Анечке некогда было вдаваться в рассуждения.

– А как же можно живых дарить, – продолжала возмущаться она.

– А мертвых-то какой смысл? – хмыкнул черт. – Их тут и так полно.

До Анечки стало что-то доходить.

– Так я умерла, что ли?

– Ты – нет. Потому что я тебя решил так подарить, – терпеливо повторил черт. И поглядел ей в лицо – первый раз.

– А почему именно меня? – Анечка слегка сбавила тон.

– Не знаю. Бабушке хотелось чего-то… Забавного… Но не вредного. Праведника сюда не затащишь, грешников своих девать некуда, а ты… Впрочем, ты просто вовремя подвернулась.

– Так это ты мне туфли в магазине подсунул? – Анечка пристальнее вгляделась в лицо собеседника. И правда, было в нем что-то знакомое.

– С ума сошла? – Возмутился черт. – Я – в магазине! Ну, подшустрил там кто-то… Из молодых… У меня, знаешь, посерьезнее дела есть.

Они помолчали.

– А обратно мне можно? – Спросила Анечка, выдержав паузу.

– А зачем?

– Ну… У меня там жизнь… Работа… Друзья в конце концов.

– Подумаешь, друзья, – фыркнул черт. – И работа… Знаю я твою работу. Тут – ничуть не хуже. А друзья так даже и симпатичнее будут.

Спорить Анечке не хотелось, да как-то и аргументов подходящих не было. Она решила попробовать другой путь.

– Устала я тут, понимаешь, – произнесла она жалобно. – Тяжело мне.

– Это да, – согласился с ней черт. – Бабуля, она с характером, с ней не расслабишься. Я сам-то за час устаю, а уж если все время… Страшно подумать.

– Вот видишь, – обрадовалась Анечка такому пониманию. Кажется, дело тронулось. – А я все время. Помоги.

– Я даром не помогаю, – качнул головой ее собеседник. – Должна бы уж знать.

– Какое ж даром? – вскинулась Анечка. – Я сколько, считай, тут отпахала? Это авансом выходит.

– Н-да? – В голосе черта прозвучало сомнение. – А как ты попала-то сюда?

– Ты ж сам сказал – бабушке подарил.

– Это я знаю, – он досадливо махнул рукой. – Я спрашиваю – каким способом?

– Так вот же! – Анечка указала на свои туфли. Черт скептически оглядел их.

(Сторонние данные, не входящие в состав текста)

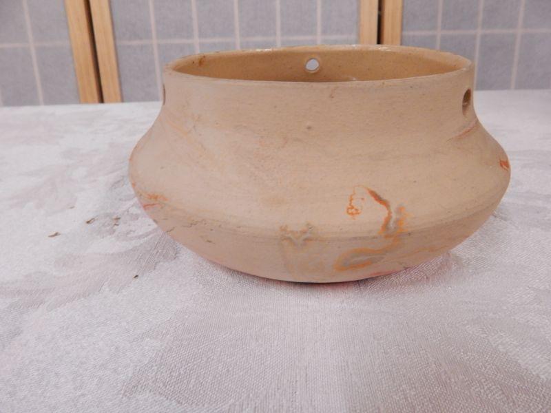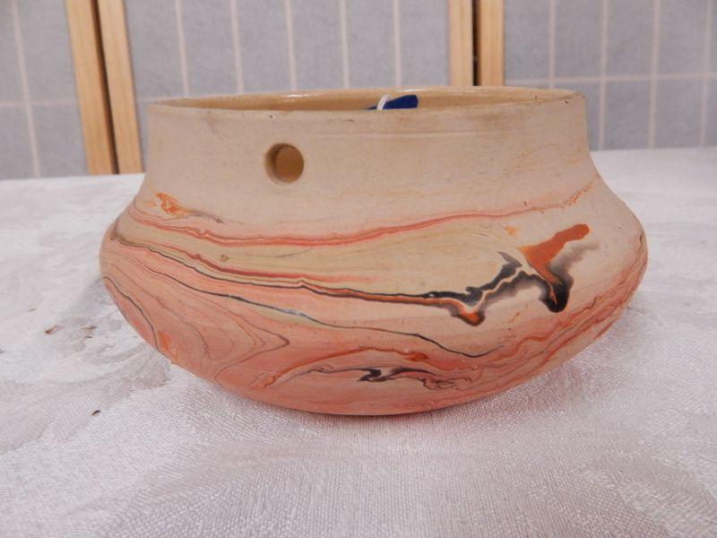 Nemadji Planter with Holes for Hanging - 3" tall, 7" wide - Red & Black Swirls

– Ну так что сложного? Сними их – и ступай себе на здоровье.

– Так они не снимаются.

– Ну покажи…

Анечка протянула в его сторону ногу. Черт брезгливо, кончиками пальцев, потянул туфлю за носок – она сошла с ноги так легко, будто и не прирастала никогда. Черт бросил ее на пол и вопросительно взглянул на Анечку – во второй раз.

– В чем проблема, я не понял?

– А вторую? – обрадовалась Анечка, почуяв близкую свободу. – Помоги вторую снять, а? Сделай доброе дело…

Это была ошибка. При упоминании доброго дела черт как-то весь напрягся, поджался и нахмурился. Туфля сделала скачок по полу и снова оказалась у Анечки на ноге.

– Нельзя. Мы этим не занимаемся. И вообще мне пора, засиделся я тут с тобой.

– Подожди! – Анечка вскочила вслед за ним. – Не уходи, не оставляй меня тут. Бабушка велела, чтоб ты ее дождался, – схватилась она, как за соломинку, за последнее средство.

– А, ну да, – черт снова уселся за стол. – Действительно, она просила. Бабушку нельзя огорчать. И поэтому – он махнул в анечкину сторону длинным пальцем, – я тебя отпустить не могу. Ты только подумай – она вернется, а я тут добрыми делами занимаюсь! Да она мне знаешь, что устроит!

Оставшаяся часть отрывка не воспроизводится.